[Opening DATA TO USE section]

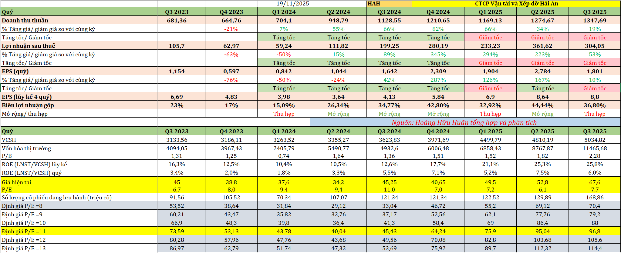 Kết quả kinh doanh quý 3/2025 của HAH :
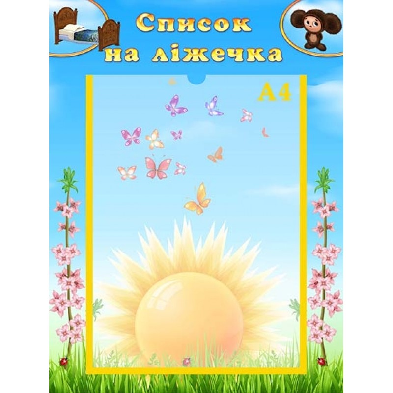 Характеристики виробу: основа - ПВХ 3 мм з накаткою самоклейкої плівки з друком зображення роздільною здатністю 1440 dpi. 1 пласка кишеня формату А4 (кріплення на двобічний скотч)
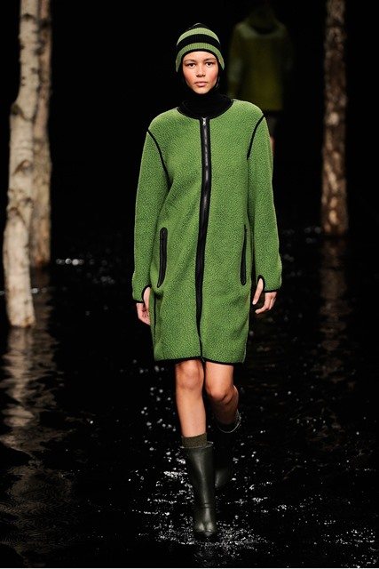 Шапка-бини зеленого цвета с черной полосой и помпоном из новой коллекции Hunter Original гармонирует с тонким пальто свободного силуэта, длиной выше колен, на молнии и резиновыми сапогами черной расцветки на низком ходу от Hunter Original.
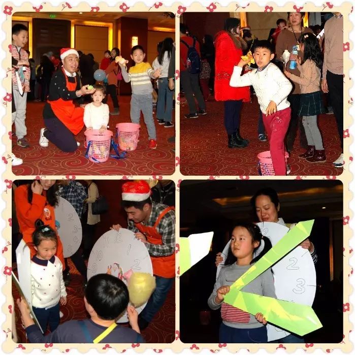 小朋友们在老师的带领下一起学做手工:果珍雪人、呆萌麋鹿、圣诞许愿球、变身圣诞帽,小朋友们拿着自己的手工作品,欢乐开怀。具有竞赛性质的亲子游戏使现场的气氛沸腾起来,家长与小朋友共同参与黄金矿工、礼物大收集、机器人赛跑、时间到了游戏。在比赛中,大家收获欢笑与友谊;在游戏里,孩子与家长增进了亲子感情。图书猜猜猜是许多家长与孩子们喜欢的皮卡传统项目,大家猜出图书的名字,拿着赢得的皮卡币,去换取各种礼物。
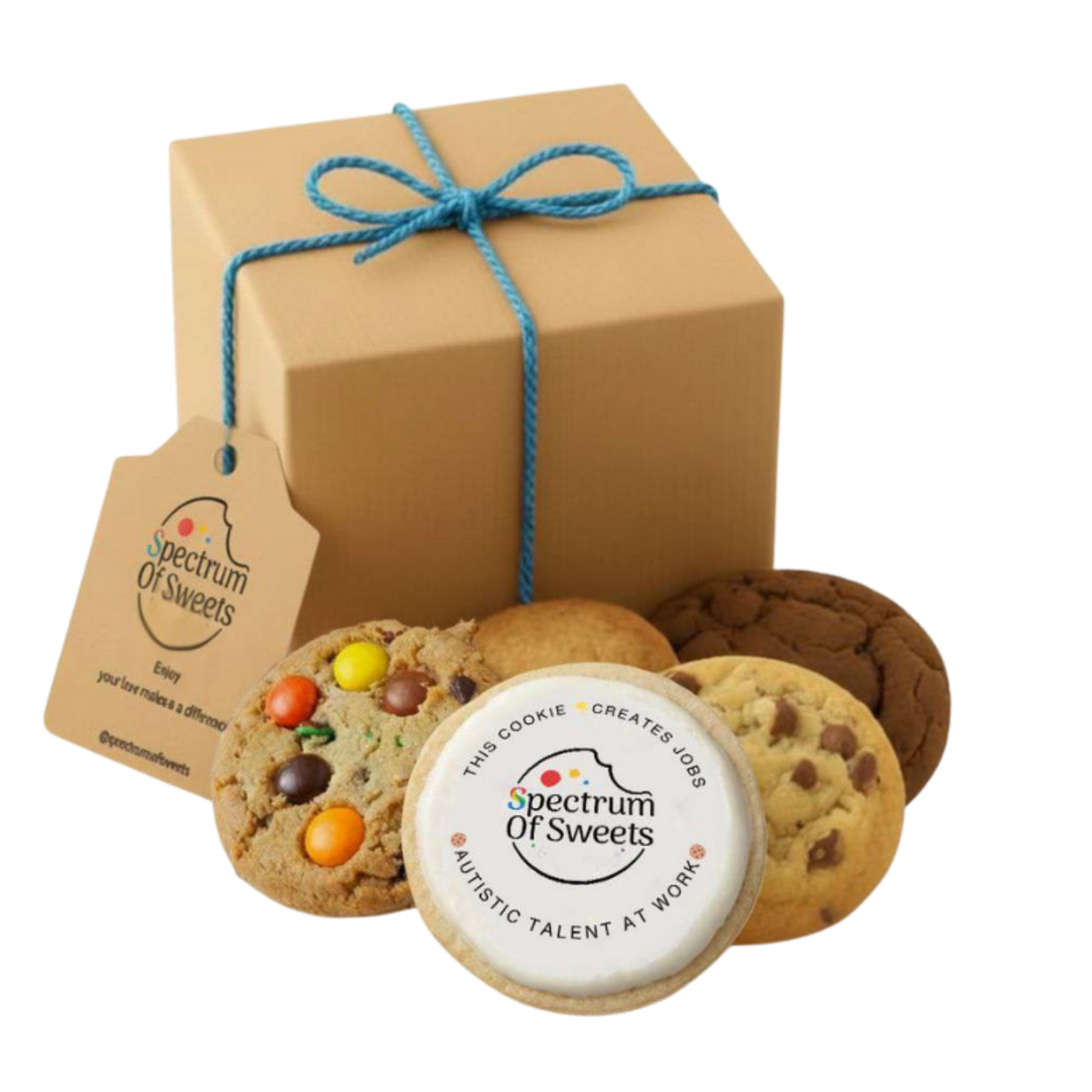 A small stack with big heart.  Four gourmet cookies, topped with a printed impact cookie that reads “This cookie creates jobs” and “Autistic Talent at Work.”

[Closing DATA TO USE section]
[Opening DATA TO USE section]

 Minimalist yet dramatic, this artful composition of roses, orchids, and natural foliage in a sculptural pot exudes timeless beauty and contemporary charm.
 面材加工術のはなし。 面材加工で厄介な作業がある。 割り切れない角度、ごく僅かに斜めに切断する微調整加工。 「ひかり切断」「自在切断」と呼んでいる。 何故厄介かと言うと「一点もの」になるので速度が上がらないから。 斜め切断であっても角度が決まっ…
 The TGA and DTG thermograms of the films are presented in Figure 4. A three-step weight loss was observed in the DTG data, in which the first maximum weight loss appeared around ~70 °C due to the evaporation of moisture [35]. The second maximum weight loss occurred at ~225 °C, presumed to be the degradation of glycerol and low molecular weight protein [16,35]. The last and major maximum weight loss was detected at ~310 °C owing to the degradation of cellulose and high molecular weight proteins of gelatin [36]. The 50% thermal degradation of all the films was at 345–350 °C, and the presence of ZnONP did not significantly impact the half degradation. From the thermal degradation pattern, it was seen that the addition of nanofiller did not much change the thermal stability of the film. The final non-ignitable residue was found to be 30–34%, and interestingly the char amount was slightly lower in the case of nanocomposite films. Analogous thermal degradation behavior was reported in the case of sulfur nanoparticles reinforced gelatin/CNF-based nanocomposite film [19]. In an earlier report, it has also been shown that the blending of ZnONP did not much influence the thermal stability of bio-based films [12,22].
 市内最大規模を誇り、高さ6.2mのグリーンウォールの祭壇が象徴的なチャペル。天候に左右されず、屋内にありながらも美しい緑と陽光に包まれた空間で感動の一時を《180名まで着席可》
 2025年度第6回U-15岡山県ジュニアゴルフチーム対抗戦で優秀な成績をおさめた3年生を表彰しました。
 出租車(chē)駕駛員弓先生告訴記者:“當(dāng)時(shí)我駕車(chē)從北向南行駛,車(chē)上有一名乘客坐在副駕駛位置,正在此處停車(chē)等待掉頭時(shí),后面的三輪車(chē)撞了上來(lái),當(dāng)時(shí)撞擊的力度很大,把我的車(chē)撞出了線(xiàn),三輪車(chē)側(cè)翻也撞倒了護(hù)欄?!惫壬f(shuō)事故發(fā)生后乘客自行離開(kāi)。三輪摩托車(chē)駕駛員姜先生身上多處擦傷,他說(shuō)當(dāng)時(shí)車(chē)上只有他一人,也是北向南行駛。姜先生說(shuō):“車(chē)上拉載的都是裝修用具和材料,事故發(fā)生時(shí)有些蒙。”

[Closing DATA TO USE section]

INSTRUCTIONS FOR THE TASK
Although pictures appear among the records above, none are to be output; print exactly the lines from the line containing "Kết quả kinh" through the line containing "A small stack".

ANSWER AREA
 Kết quả kinh doanh quý 3/2025 của HAH :
 Характеристики виробу: основа - ПВХ 3 мм з накаткою самоклейкої плівки з друком зображення роздільною здатністю 1440 dpi. 1 пласка кишеня формату А4 (кріплення на двобічний скотч)
 Шапка-бини зеленого цвета с черной полосой и помпоном из новой коллекции Hunter Original гармонирует с тонким пальто свободного силуэта, длиной выше колен, на молнии и резиновыми сапогами черной расцветки на низком ходу от Hunter Original.
 小朋友们在老师的带领下一起学做手工:果珍雪人、呆萌麋鹿、圣诞许愿球、变身圣诞帽,小朋友们拿着自己的手工作品,欢乐开怀。具有竞赛性质的亲子游戏使现场的气氛沸腾起来,家长与小朋友共同参与黄金矿工、礼物大收集、机器人赛跑、时间到了游戏。在比赛中,大家收获欢笑与友谊;在游戏里,孩子与家长增进了亲子感情。图书猜猜猜是许多家长与孩子们喜欢的皮卡传统项目,大家猜出图书的名字,拿着赢得的皮卡币,去换取各种礼物。
 A small stack with big heart.  Four gourmet cookies, topped with a printed impact cookie that reads “This cookie creates jobs” and “Autistic Talent at Work.”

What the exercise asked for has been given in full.